Preso à minha classe e a algumas roupas,

vou de branco pela rua cinzenta.

Melancolias, mercadorias espreitam-me.

Devo seguir até o enjôo?

Posso, sem armas, revoltar-me?

Olhos sujos no relógio da torre:

Não, o tempo não chegou de completa justiça.

O tempo é ainda de fezes, maus poemas, alucinações e espera.

O tempo pobre, o poeta pobre

fundem-se no mesmo impasse.

Em vão me tento explicar, os muros são surdos.

Sob a pele das palavras há cifras e códigos.

O sol consola os doentes e não os renova.

As coisas.

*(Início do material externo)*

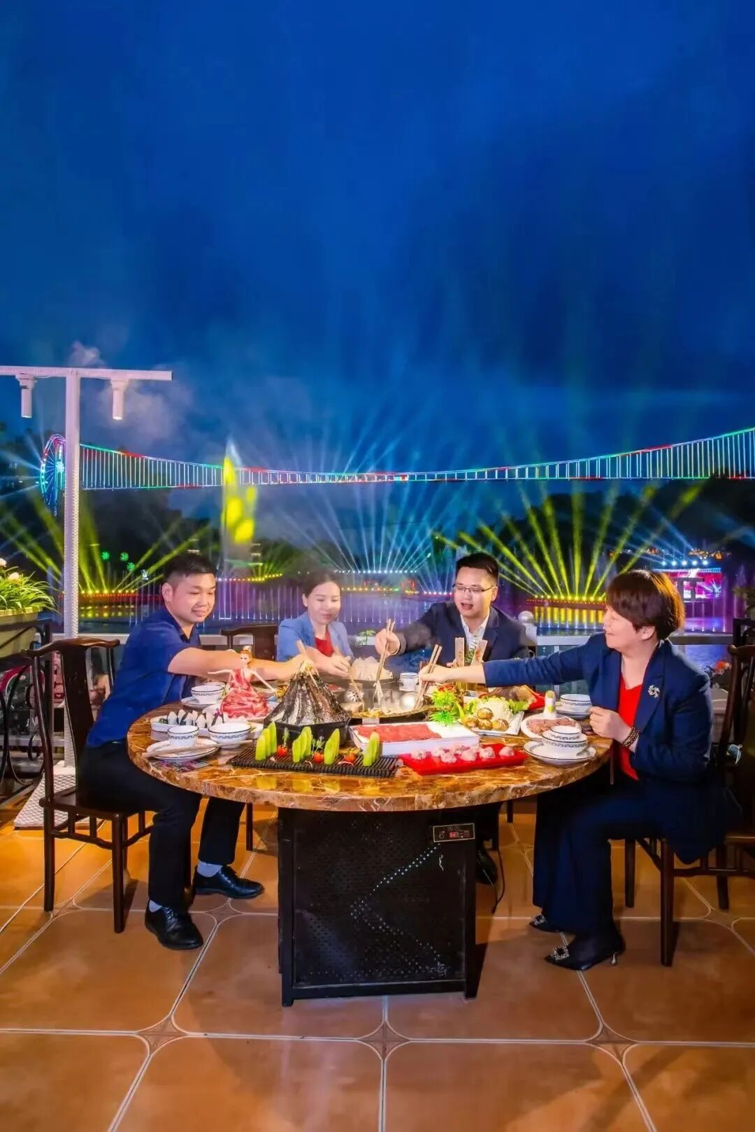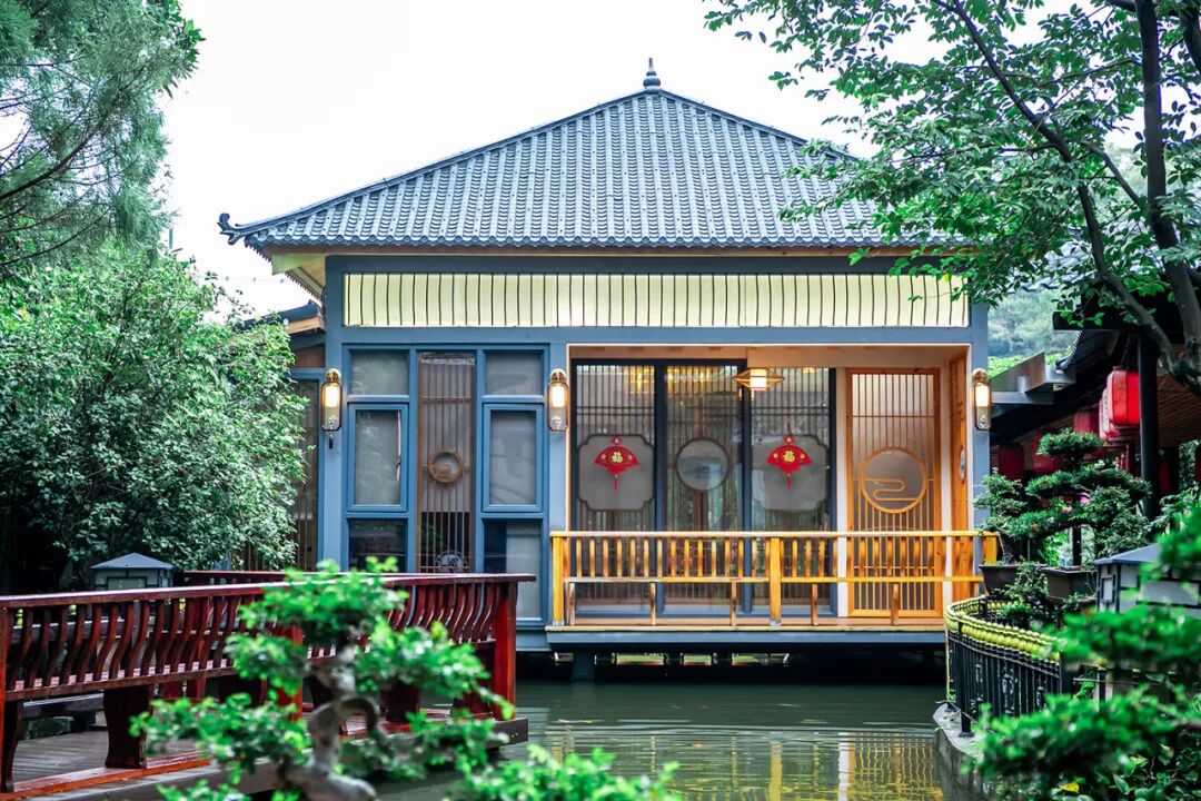 隐贤山庄限定《蝶影》餐厅以用餐体验取胜。与隐贤湖仅一径相邻,呈现开放式空间,夜幕降临将270°尽享《蝶影》烟花灯光秀,震撼的夜幕尽收眼底,让你尽兴而归!

Que tristes são as coisas, consideradas sem ênfase.

Uma flor nasceu na rua!

Vomitar esse tédio sobre a cidade.

Quarenta anos e nenhum problema

resolvido, sequer colocado.

Nenhuma carta escrita nem recebida.

Todos os homens voltam para casa.

Estão menos livres mas levam jornais

E soletram o mundo, sabendo que o perdem.

Crimes da terra, como perdoá-los?

Tomei parte em muitos, outros escondi.

Alguns achei belos, foram publicados.

Crimes suaves, que ajudam a viver.

Ração diária de erro, distribuída em casa.

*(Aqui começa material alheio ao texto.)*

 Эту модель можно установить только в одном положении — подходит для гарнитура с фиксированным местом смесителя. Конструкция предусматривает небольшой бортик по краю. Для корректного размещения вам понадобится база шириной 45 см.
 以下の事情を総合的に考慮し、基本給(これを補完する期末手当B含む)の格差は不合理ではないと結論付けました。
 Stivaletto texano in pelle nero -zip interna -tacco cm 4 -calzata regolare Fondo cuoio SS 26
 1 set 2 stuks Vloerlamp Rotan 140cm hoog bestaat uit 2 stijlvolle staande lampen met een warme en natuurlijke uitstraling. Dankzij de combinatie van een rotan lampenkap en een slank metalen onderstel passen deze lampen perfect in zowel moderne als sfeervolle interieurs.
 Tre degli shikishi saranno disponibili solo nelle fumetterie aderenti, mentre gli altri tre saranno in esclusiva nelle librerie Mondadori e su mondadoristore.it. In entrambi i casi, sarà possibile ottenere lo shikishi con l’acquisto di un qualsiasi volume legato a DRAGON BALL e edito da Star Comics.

Os ferozes padeiros do mal.

Os ferozes leiteiros do mal.

Pôr fogo em tudo, inclusive em mim.

Ao menino de 1918 chamavam anarquista.

Porém meu ódio é o melhor de mim.

Com ele me salvo

e dou a poucos uma esperança mínima.

Passem de longe, bondes, ônibus, rio de aço do tráfego.

Uma flor ainda desbotada

ilude a polícia, rompe o asfalto.

Façam completo silêncio, paralisem os negócios,

garanto que uma flor nasceu.

Sua cor não se percebe.

Suas pétalas não se abrem.

Seu nome não está nos livros.

É feia. Mas é realmente uma flor.

Sento-me no chão da capital do país às cinco horas da tarde

e lentamente passo a mão nessa forma insegura.

Do lado das montanhas, nuvens maciças avolumam-se.

Pequenos pontos brancos movem-se no mar, galinhas em pânico.

É feia. Mas é uma flor. Furou o asfalto, o tédio, o nojo e o ódio.